Whatever you think about Tesla cars, you could never deny Elon Musk’s company of a lack of ambition. Here’s a car maker that has only been in business for a few years, building vehicles that many consider niche, and yet is currently valued more than Ford.
This is all the more amazing when you realise that Tesla has not made so much as one dollar’s worth of profit. In fact, it has made substantial losses despite selling more than 50,000 of its high cost electric cars in 2016.
Much of the reason for this industry-defying valuation is that the stock market reckons Tesla is a company very much in its ascendency. A good deal of that thinking is based on the launch of a third model, conveniently called Model 3.

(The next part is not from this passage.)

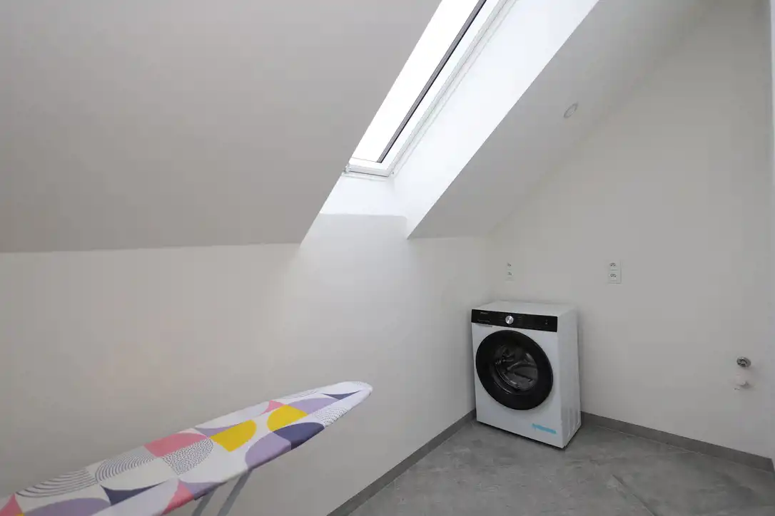 - łazienka z dużym prysznicem (120x100cm) i wanną 170cm i z przyległą pralnią

Whereas Teslas to date have been expensive executive-rivalling machines for those early adopters and brand devotees, the Model 3 is a much more decisive addition. It’s set to be priced at less than £30,000 so it tackles the likes of the Nissan Leaf and BMW i3 head-on.
Is the infrastructure in place to match Musk’s ambitions?
More importantly, this brings Tesla’s take on the EV slap-bang into the heart of territory presently occupied by the likes of the Audi A3, BMW 1 Series and Mercedes A-Class, as well as the pricier Volkswagen Golfs that so many of us love.
A practical EV with the lure of the Tesla badge and a battery range that means 300 miles between recharges is realistic makes the Model 3 a far more tempting proposition than any of its electric rivals. This is why the stock market is getting in a tizzy about Tesla.
As such, the Model 3 is definitely the breakthrough model in Tesla’s line-up. It’s the one that is set to take it from a small but interesting car maker into a global player, with Tesla theorising it will see annual production soar to 500,000 by the end of the decade.